---------- Data
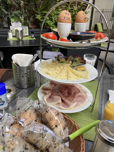 Edit: As a response to the, in my opinion, very unpolite and unprofessional response of the owner below I would like to extend my review. It took almost 40 minutes before we received our first tea, coffee and dishes. Ordering was difficult because our table's lady waitress actively avoided eye contact and we luckily managed to order partly with another waiter that walked by from another table. My father's coffee wasn't brought at all. I don't appreciate being attacked personally for a review - I don't claim to be perfect at my job but I take customer feedback as opportunity to improve myself instead of giving petty pseudo-subtle passive aggressive replies like the owner of this place. People work hard to have a nice vacation in the beautiful Villach area and should not be ashamed to give feedback when they have to sit for 20 minutes before their order is taken....
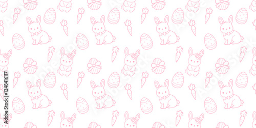 Seamless Pink Easter Bunny Pattern with Decorative Eggs and Carrots, Cute Hand Drawn Vector Background for Spring Design
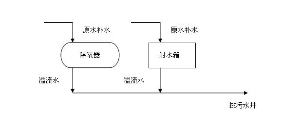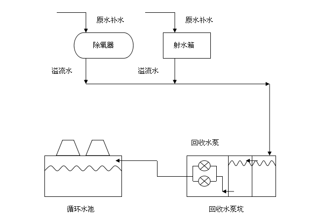 甘肅金泥集團(tuán)有限責(zé)任公司干法二廠余熱電站總投資2800萬元,投產(chǎn)以來每年新增利潤(rùn)數(shù)萬元,節(jié)約標(biāo)準(zhǔn)煤1.074萬噸,減排二氧化碳2.58萬噸。該余熱電站將原水通過活性炭過濾器及多介質(zhì)過濾器降低水體的濁度、除去懸浮雜質(zhì)、凈化水質(zhì),再經(jīng)過反滲透系統(tǒng)除去水中的微粒、有機(jī)物質(zhì)、膠體物和無機(jī)的陽(yáng)離子、陰離子等水中雜質(zhì),進(jìn)而得到除鹽水,再由物理除氧方式將其中氧氣剝離打進(jìn)鍋爐,經(jīng)高溫廢氣加熱至過熱蒸汽帶動(dòng)汽輪發(fā)電機(jī)做功發(fā)電,做功后的蒸汽再經(jīng)過循環(huán)水冷凝除氧進(jìn)入鍋爐,如此往復(fù)形成一個(gè)汽水循環(huán)。要保證其穩(wěn)定運(yùn)行,就需要將其中每一個(gè)環(huán)節(jié)做得一絲不茍,但面對(duì)北方水質(zhì)偏硬的現(xiàn)實(shí)問題,為了將循環(huán)水的硬度降至標(biāo)準(zhǔn)值不得不加大補(bǔ)水排污量,可是這樣又造成了不必要的水資源浪費(fèi),故對(duì)余熱電站內(nèi)除氧器及射水箱的工業(yè)補(bǔ)水溢流水進(jìn)行了下圖所示的回收水系統(tǒng)改造。
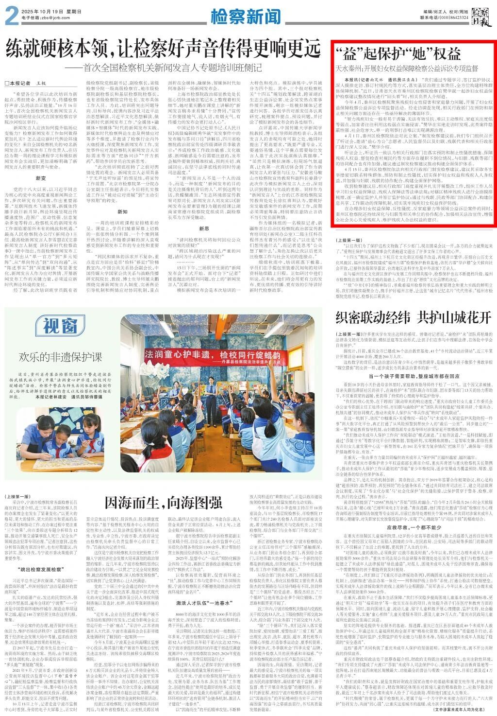 2025年10月19日,检察日报刊发《“益”起保护“她”权益 天水秦州:开展妇女权益保障检察公益诉讼专项监督》。
--------------------
To do> Transcribe the material exactly, and leave out whatever pictures it holds.

Result of this exercise>
 Edit: As a response to the, in my opinion, very unpolite and unprofessional response of the owner below I would like to extend my review. It took almost 40 minutes before we received our first tea, coffee and dishes. Ordering was difficult because our table's lady waitress actively avoided eye contact and we luckily managed to order partly with another waiter that walked by from another table. My father's coffee wasn't brought at all. I don't appreciate being attacked personally for a review - I don't claim to be perfect at my job but I take customer feedback as opportunity to improve myself instead of giving petty pseudo-subtle passive aggressive replies like the owner of this place. People work hard to have a nice vacation in the beautiful Villach area and should not be ashamed to give feedback when they have to sit for 20 minutes before their order is taken....
 Seamless Pink Easter Bunny Pattern with Decorative Eggs and Carrots, Cute Hand Drawn Vector Background for Spring Design
 甘肅金泥集團(tuán)有限責(zé)任公司干法二廠余熱電站總投資2800萬元,投產(chǎn)以來每年新增利潤(rùn)數(shù)萬元,節(jié)約標(biāo)準(zhǔn)煤1.074萬噸,減排二氧化碳2.58萬噸。該余熱電站將原水通過活性炭過濾器及多介質(zhì)過濾器降低水體的濁度、除去懸浮雜質(zhì)、凈化水質(zhì),再經(jīng)過反滲透系統(tǒng)除去水中的微粒、有機(jī)物質(zhì)、膠體物和無機(jī)的陽(yáng)離子、陰離子等水中雜質(zhì),進(jìn)而得到除鹽水,再由物理除氧方式將其中氧氣剝離打進(jìn)鍋爐,經(jīng)高溫廢氣加熱至過熱蒸汽帶動(dòng)汽輪發(fā)電機(jī)做功發(fā)電,做功后的蒸汽再經(jīng)過循環(huán)水冷凝除氧進(jìn)入鍋爐,如此往復(fù)形成一個(gè)汽水循環(huán)。要保證其穩(wěn)定運(yùn)行,就需要將其中每一個(gè)環(huán)節(jié)做得一絲不茍,但面對(duì)北方水質(zhì)偏硬的現(xiàn)實(shí)問題,為了將循環(huán)水的硬度降至標(biāo)準(zhǔn)值不得不加大補(bǔ)水排污量,可是這樣又造成了不必要的水資源浪費(fèi),故對(duì)余熱電站內(nèi)除氧器及射水箱的工業(yè)補(bǔ)水溢流水進(jìn)行了下圖所示的回收水系統(tǒng)改造。
 2025年10月19日,检察日报刊发《“益”起保护“她”权益 天水秦州:开展妇女权益保障检察公益诉讼专项监督》。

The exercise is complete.